**WORK TASK**
What needs reproducing is the run of lines in the data below starting at the line with "Safety Glasses Dispenser" and ending at the line with "5085 (3) vintage", both ends included. Copy it exactly, without pictures, and add nothing.

**DATA FOR THIS EXERCISE**
'''

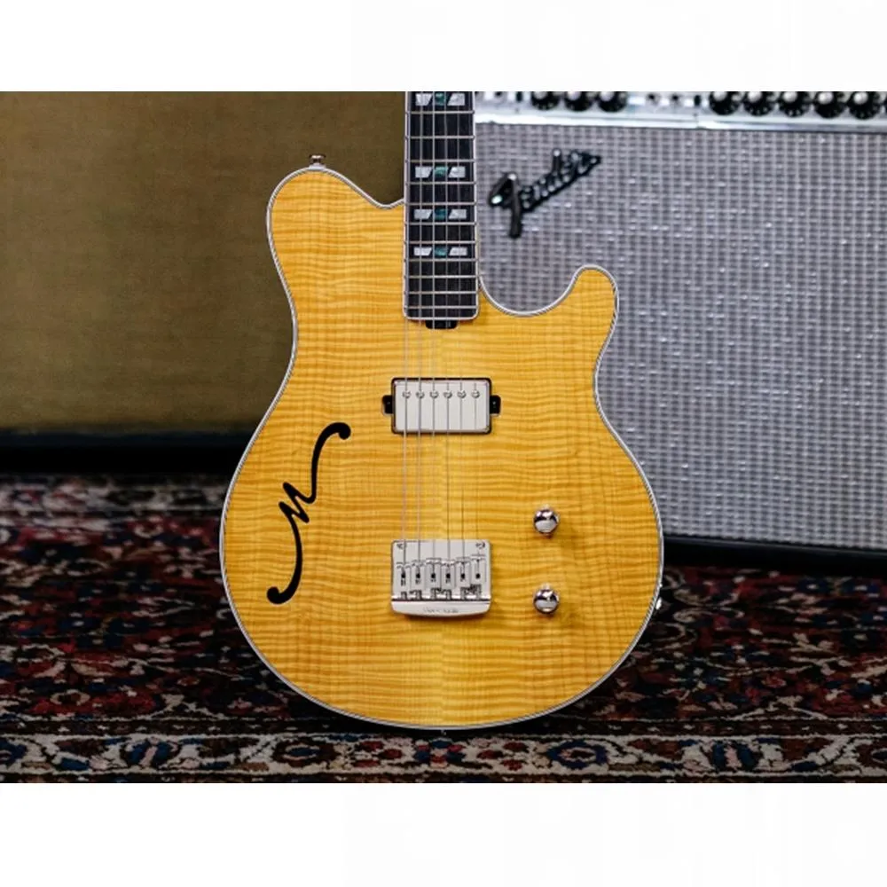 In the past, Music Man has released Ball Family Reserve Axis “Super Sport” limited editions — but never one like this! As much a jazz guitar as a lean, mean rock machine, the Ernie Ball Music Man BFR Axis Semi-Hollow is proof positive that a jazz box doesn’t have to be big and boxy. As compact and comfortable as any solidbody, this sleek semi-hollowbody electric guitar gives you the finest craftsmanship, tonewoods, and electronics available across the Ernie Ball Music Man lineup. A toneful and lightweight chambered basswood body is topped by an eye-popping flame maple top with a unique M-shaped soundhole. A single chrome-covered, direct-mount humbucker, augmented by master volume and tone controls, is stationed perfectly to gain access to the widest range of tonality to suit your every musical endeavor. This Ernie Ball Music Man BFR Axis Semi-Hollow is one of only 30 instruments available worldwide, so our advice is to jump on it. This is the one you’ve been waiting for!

'''
'''

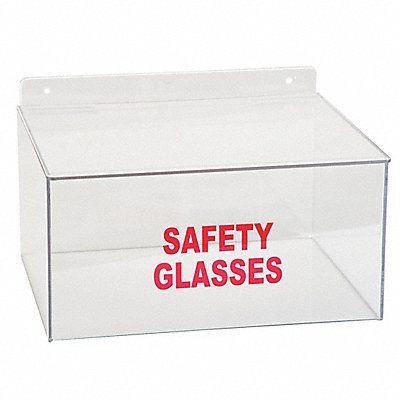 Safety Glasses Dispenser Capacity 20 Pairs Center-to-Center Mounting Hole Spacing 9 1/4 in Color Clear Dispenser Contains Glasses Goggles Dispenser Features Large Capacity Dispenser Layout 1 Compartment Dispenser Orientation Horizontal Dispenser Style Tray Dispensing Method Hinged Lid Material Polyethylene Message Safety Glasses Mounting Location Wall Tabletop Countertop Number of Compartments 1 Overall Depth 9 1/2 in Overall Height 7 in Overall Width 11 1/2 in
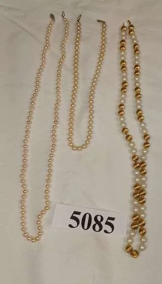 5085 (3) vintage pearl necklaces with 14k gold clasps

'''
'''

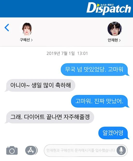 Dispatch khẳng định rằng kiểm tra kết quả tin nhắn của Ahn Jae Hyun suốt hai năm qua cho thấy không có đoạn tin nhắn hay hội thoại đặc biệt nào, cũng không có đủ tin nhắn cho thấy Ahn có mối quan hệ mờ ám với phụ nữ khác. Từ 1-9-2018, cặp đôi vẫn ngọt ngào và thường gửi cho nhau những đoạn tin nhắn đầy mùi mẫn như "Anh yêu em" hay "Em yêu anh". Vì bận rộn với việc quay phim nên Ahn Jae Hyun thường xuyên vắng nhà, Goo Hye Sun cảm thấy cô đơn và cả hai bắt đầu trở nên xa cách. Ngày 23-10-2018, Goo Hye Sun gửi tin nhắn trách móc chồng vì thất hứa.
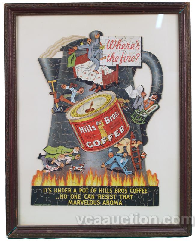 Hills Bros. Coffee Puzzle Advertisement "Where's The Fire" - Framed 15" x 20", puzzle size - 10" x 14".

'''

**TASK SOLUTION**
 Safety Glasses Dispenser Capacity 20 Pairs Center-to-Center Mounting Hole Spacing 9 1/4 in Color Clear Dispenser Contains Glasses Goggles Dispenser Features Large Capacity Dispenser Layout 1 Compartment Dispenser Orientation Horizontal Dispenser Style Tray Dispensing Method Hinged Lid Material Polyethylene Message Safety Glasses Mounting Location Wall Tabletop Countertop Number of Compartments 1 Overall Depth 9 1/2 in Overall Height 7 in Overall Width 11 1/2 in
 5085 (3) vintage pearl necklaces with 14k gold clasps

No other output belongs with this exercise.